Pour y parvenir, il estime qu’il faut engager un vaste chantier de gouvernance structurelle, maîtrisée et contrôlée, avec une administration publique éthique et professionnelle. Il préconise d’amener les Tchadiens à respecter la loi, à préserver le bien commun et la laïcité.
Selon lui, c’est à cette condition que la République pourra véritablement se construire. Il recommande également de réconcilier les Tchadiens entre eux, avec les lois, les règlements et les institutions, qu’il considère comme des facteurs de paix, de vivre-ensemble harmonieux, de respect de soi, de respect d’autrui et de consolidation de la République. Il ajoute enfin qu’il faut surtout « des hommes compétents et intègres » qu’ils soient au pays tout comme à l’étranger.
Estimant que les Tchadiens demeurent marqués par de profonds conflits ayant causé d’énormes dégâts, Max Kemkoye appelle à l’organisation d’assises sectorielles et nationales républicaines afin de favoriser une véritable catharsis et le pardon.
Il préconise également l’organisation d’une conférence nationale administrative, institutionnelle et budgétaire destinée à refonder les bases de l’État, à améliorer son fonctionnement, son efficacité, son efficience ainsi que son autorité, afin d’amorcer le développement réel du pays, longtemps attendu. Toutefois, avant d’atteindre ces objectifs, il estime qu’une étape est indispensable.

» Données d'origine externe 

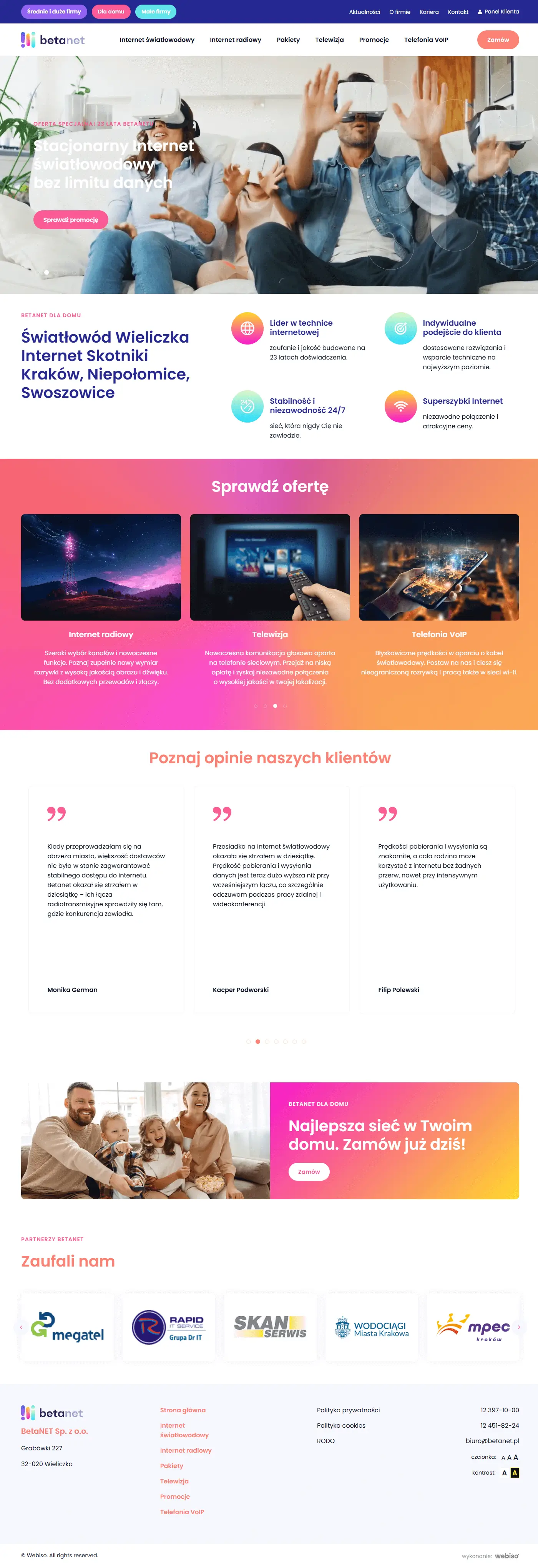 Strona internetowa Betanet została zaprojektowana z myślą o przejrzystej prezentacji trzech głównych sektorów ich usług - dla klientów indywidualnych, małych firm oraz średnich i dużych przedsiębiorstw. Każda z podstron wyróżnia się dedykowaną kolorystyką zaczerpniętą z palety logo, co nadaje im indywidualny charakter, a jednocześnie buduje spójną identyfikację wizualną marki. Górne sekcje “top” wzbogacone zostały o elementy graficzne logo, co podkreśla nowoczesny i estetyczny styl witryny.
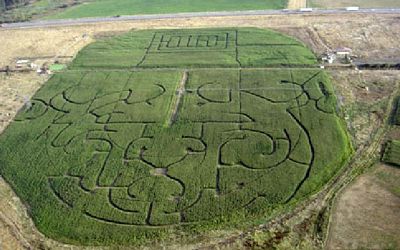 Este laberinto es tan díficil que tiene dos guías dando vueltas por el lugar para ayudar a encontrar el camino a los turistas perdidos. Está creado en un campo de maíz y sus caminos tienen una longitud total de 3,2 kilómetros.
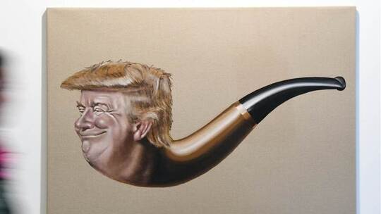 Das hängt vom ganz persönlichen Geschmack ab. Spektakulär beispielsweise die rote Arcylskulptur des ukrainischen Künstlers Aljoscha bei der Galerie Martina Kaiser, die sich schwebend leicht in die Höhe schraubt und dabei das Licht einfängt. Ganz leise und doch eindrucksvoll die Landschaftsbilder aus dem Tessin und Basel von Hermann Hesse beim Kunsthandel Thole Rothermund. Und auch der US-Präsident Donald Trump darf nicht fehlen: Er grinst auf einem Gemälde des deutschen Künstlers Holger Kurt Jäger als Pfeifenkopf selbstgefällig zur Seite – ironische Referenz an das Pfeifenbild von René Magritte. Statt „Ceci n’est pas une pipe„ ist nun zu lesen: „Ceci n’est pas un meme“ (Das hier ist kein Scherz). Wen kann man treffen?
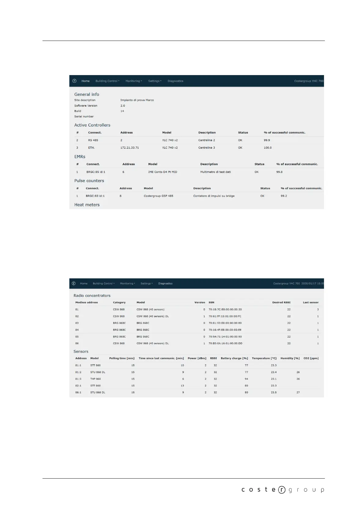 o Operating information and data read by concentrators, sensors and radio
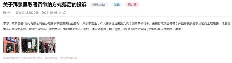 “办理取暖费缴纳业务时,居民往往要跑几次,回家拿银行卡、去银行取现金等,并且排很长的队才能交上取暖费。”该网民表示,请相关部门督促整改优化,例如开通自助缴费、网上缴费、窗口扫码支付等。
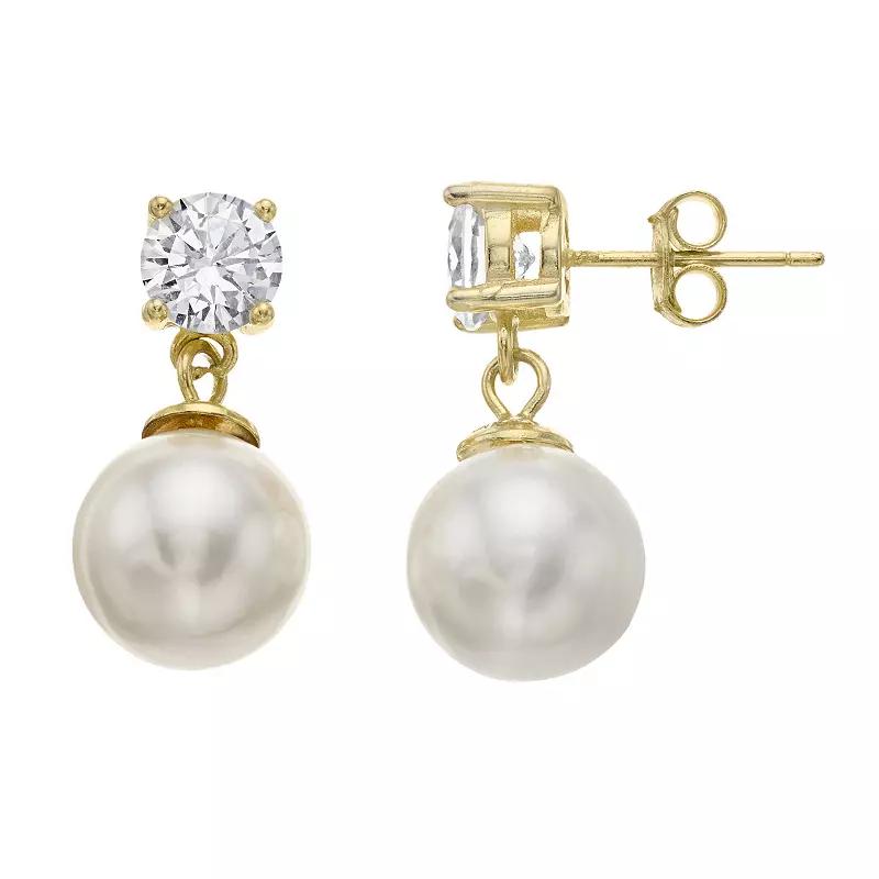 These 18k gold-over-silver freshwater cultured pearl drop earrings are a must-add to your jewelry collection. These 18k gold-over-silver freshwater cultured pearl drop earrings are a must-add to your jewelry collection. Metal: sterling silver Backings: post Plating: 18k rose gold Packaging: boxed Finish: polished Length: 18 mmCULTURED PEARL DETAILS Type: freshwater Size: 8 mm Shape: round Color: white Gemstones may have been treated to enhance their appearance. Special care may be required. Please visit our Gemstone Treatment & Special Care Guide for more information. Please note, due to the high value of this item, a signature may be required upon delivery. Size: One Size. Gender: female. Age Group: adult. Material: Gold Over Sterling.
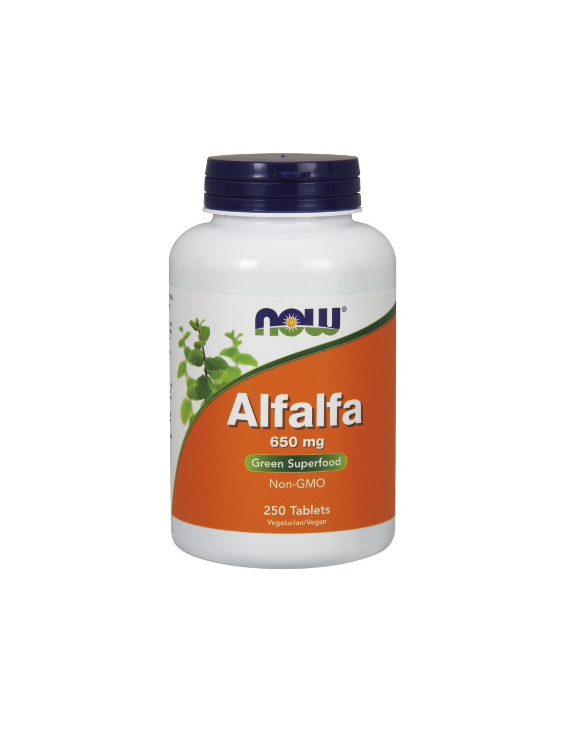 NOW® Alfalfa 650 mg Tablets deliver 1,950 mg of alfalfa (Medicago sativa) per serving of 3 tablets. This natural formula reflects the nutrient profile of genuine whole foods and is produced in a GMP-certified facility with globally sourced ingredients.
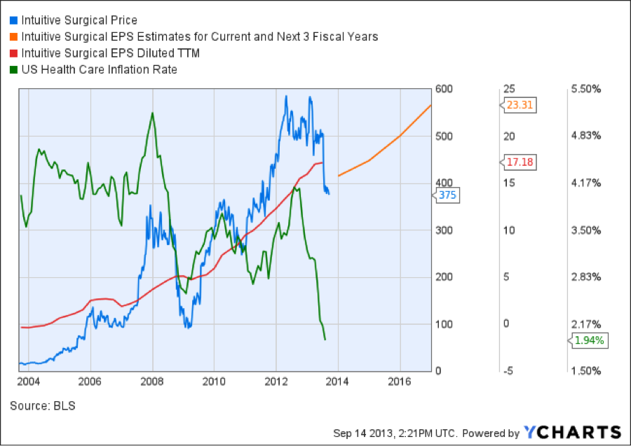 The most substantial headwind for Intuitive Surgical is the slowing rate of heath care inflation, as shown above. Hospitals have been more reluctant to install new systems and insurers have aggressively fought to reduce heath care costs recently. It is important to note that 57% of revenues for the prior fiscal year are recurring and would be expected to continue without installation of new surgical systems. In order to operate the da Vinci system, a hospital must sign an annual service agreement (15.7% of 2012 sales) and purchase instruments and accessories (41.4% of sales). While core system sales have been disappointing -- falling from 175 in the fourth quarter of 2012 to 143 in the second quarter of 2013 -- the effect on profitability has been buffered by recurring revenue.
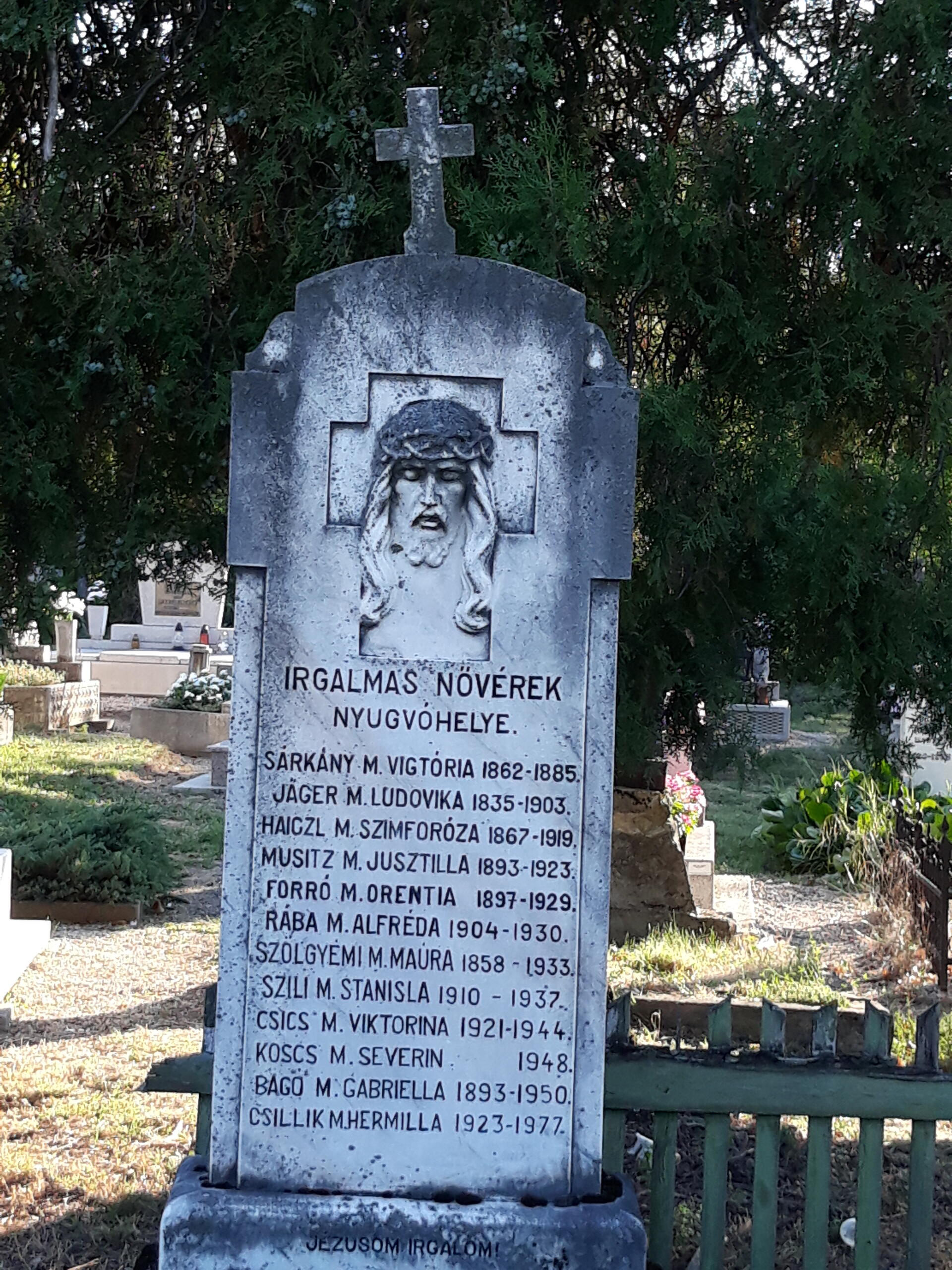 The cemetery, in use since 1759, has a large cross in the centre, erected in 1876 in memory of the deceased parish priests and nuns of the Vincés. The cemetery was also known as the "Garden of Kati Jakab" (the garden of Kati Jakab) after the beggar who lived there in the early 1910s (the writer Sándor Dallos, born in Pannonhalma, commemorates her in a short story). The southern part of the area is now adjacent to the Jewish cemetery.
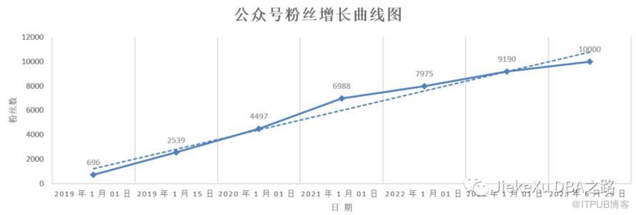 从 2018 年 5 月份开始写下第一篇文章,到今年六月份,算是五年的时间,每年每月都会写下几篇原创文章,截止到今日,共计 210 篇原创文章,累计发文 300 次,说明也还有 90 篇非原创文章,不过后台没有统计字数的功能,不知道一共写了多少字了,值得高兴的是在上月底,也就是 6 月 29 日我的个人微信公众号《JiekeXu DBA之路》关注粉丝数突破 10000,达到了一个小小的里程碑,算是实现了从 0 到 1 的小突破,也算是有点小激动,当然比起来哪些互联网大 V 来说这是微不足道的,不值一提。
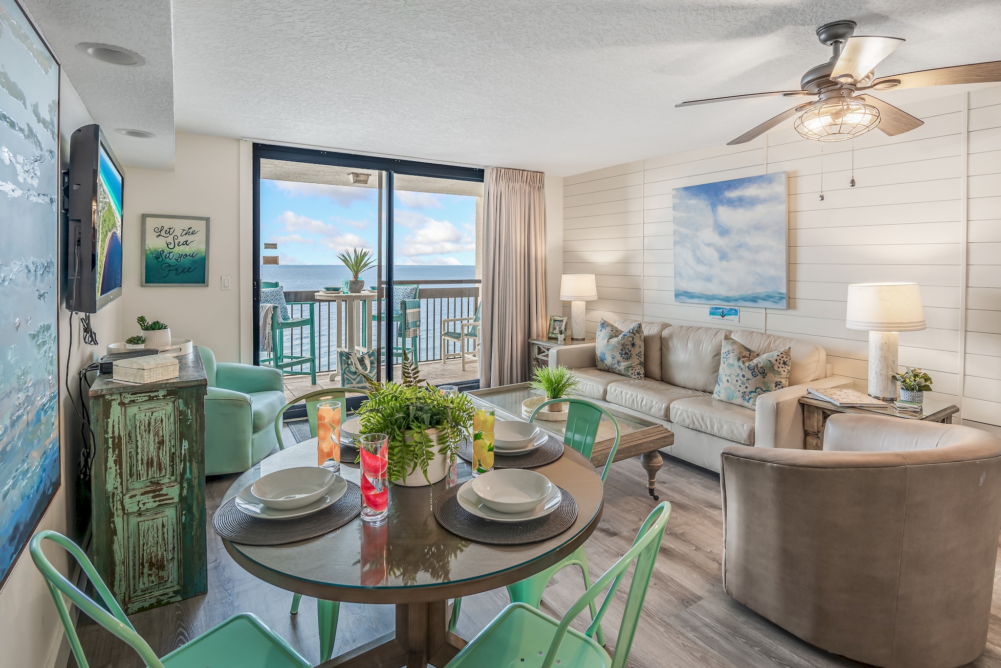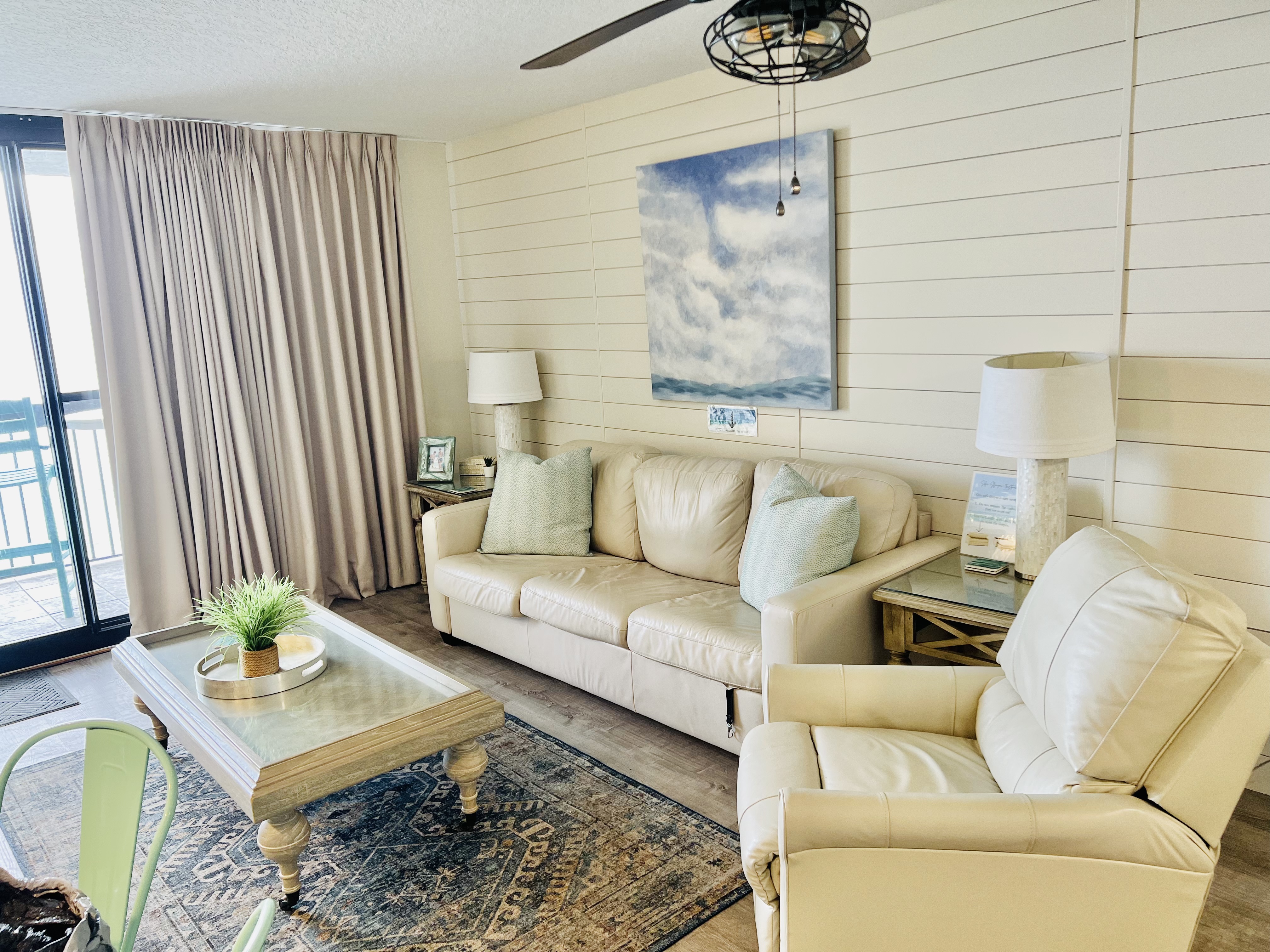 "Comfy, updated decor and appliances. Great views of beach and dolphins playing in water. Loved walking to the "Back Porch" for lunch."
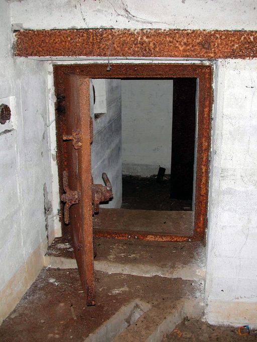 Vue de la casemate de type 505 face au Hildy : porte blindée d'étanchéité entre la chambre de tir et le sas d'entréeImmatriculation
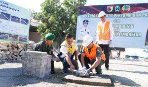 Magetan,seputarjatim.co.id – Peletakan paving block oleh Bupati Magetan Suprawoto dan Dandim 0804/Magetan Letkol Inf Dani Indrajaya, S.I.P, di Taman Dharmawangsa sebagai bentuk dimulainya pembangunan untuk memperindah Taman Dharmawangsa sebagai salah satu taman kota di Kabupaten Magetan.
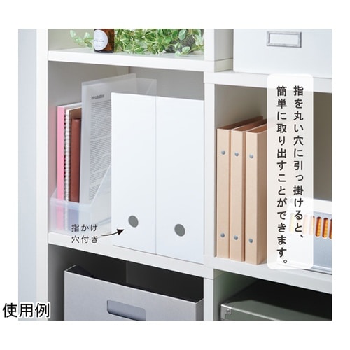 軽くて丈夫。安定感抜群の収納ボックス。用途に合わせて、取り出しやすい収納が可能!指を丸い穴に引っ掛けると簡単に取り出すことができます。 |
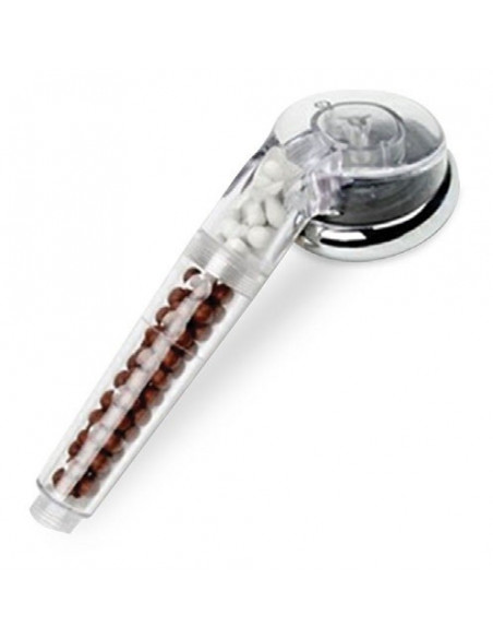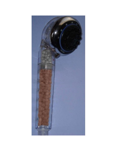 La ducha ecológica es tan efectiva y todo el mundo nota tan rápido sus beneficios porque lo que hace es favorecer este intercambio iónico y aportar a nuestro organismo estos iones negativos beneficiosos. El intercambio se lleva a cabo en las piedras de Turmalina y de Germanio que están dentro del mango, cuando el agua supera los 32ºC. Además, tiene un cabezal giratorio con 8 efectos de salida del agua diferentes para poder escoger, y facilitar así la rotura de las gotas de agua.
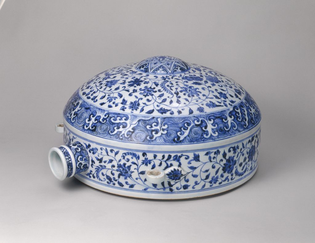 此壶纹饰精美,式样别致,是当时受西亚金属器皿的影响而烧制的新器型。瓷器釉彩之一,被用作白地蓝花瓷的专称。因蓝花在釉下,所以青花属釉下彩。其原料为含氧化钴的钴土矿,以蓝青色料在瓷胎上描绘纹饰,然后施透明釉,在高温还原焰中一次烧成。元代景德镇已能烧制成熟的青花瓷器。青花瓷器的盛行改变了青瓷为主的局面,成为明、清两代中国瓷器生产的主流。
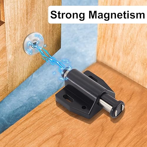 12 apriscatole magnetiche, apriporta a pressione, chiusura magnetica, chiusura magnetica, porta dell'armadio, per ufficio, cassettiera, porta dell'armadio (nero)
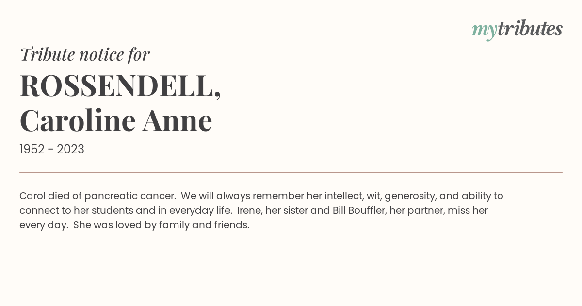 16°CCarol died of pancreatic cancer. We will always remember her intellect, wit, generosity, and ability to connect to her students and in everyday life. Irene, her sister and Bill Bouffler, her partner, miss her every day. She was loved by family and friends.
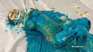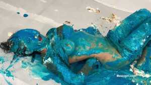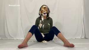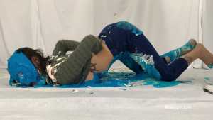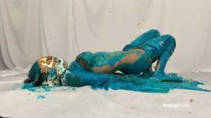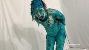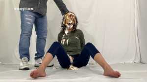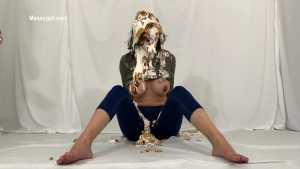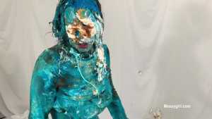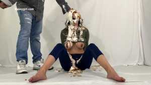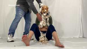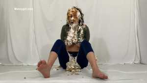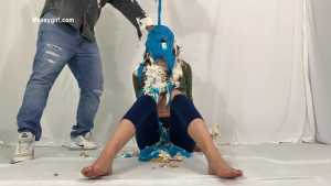 My first WAM bondage shoot and it was extreme. I was handcuffed and had an open ring gag stuffed in my mouth. Little did I know having my mouth open like that would cause me to literally deep throat pies. After each pie hit, the cream would go deep down my throat, so much so that it was coming out my nose, yep you heard me, out my nose! I also had my first pie to my ass in this one, which felt good. I loved look of the blue slime I was covered in as well.
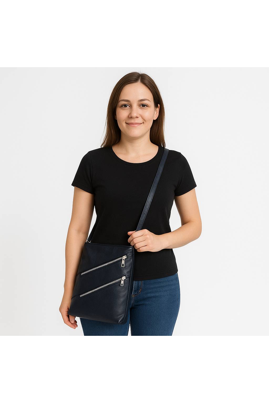 Kabelka nabízí praktické uspořádání kapes – na přední straně se nachází dva šikmé zipy, které jí dodávají moderní vzhled a zároveň poskytují prostor na drobnosti, které chcete mít vždy po ruce. Na zadní straně najdete další kapsu na zip, ideální na mobilní telefon nebo klíče. Hlavní prostor kabelky je dostatečně prostorný pro každodenní nezbytnosti a bezpečně se uzavírá zipem.

Il propose ainsi l’organisation d’un colloque national pluridisciplinaire des compétences afin de rassembler les expertises, d’analyser les défis, de croiser les évaluations et de formuler des solutions adaptées pour relever efficacement les défis urgents auxquels le pays fait face.
Enfin, Max Kemkoye met en garde contre le risque d’une déliquescence structurelle et systémique de l’État, marquée par la banalisation des lois, des institutions, de l’autorité de l’État et de ceux qui les incarnent. Il rappelle que « Il y en a, en République, quelque chose de bien plus importante que ni les hommes armés ni les armes ne peuvent l’imposer car, les hommes en armes ne sont craints que pour un moment à cause des armes. Mais ceux-ci ne sont pas respectés à cause des armes. Cette chose, c’est la confiance et le consentement en la légitimité qu’il faut savoir la nourrir et la préserver et non la fragiliser ».
En conclusion, le président de l’UDP invite le Président de la République du Tchad à se faire respecter par la confiance des Tchadiens plutôt que par la crainte des armes. Selon lui, le véritable respect est celui qui naît de la confiance que le peuple accorde à son Président.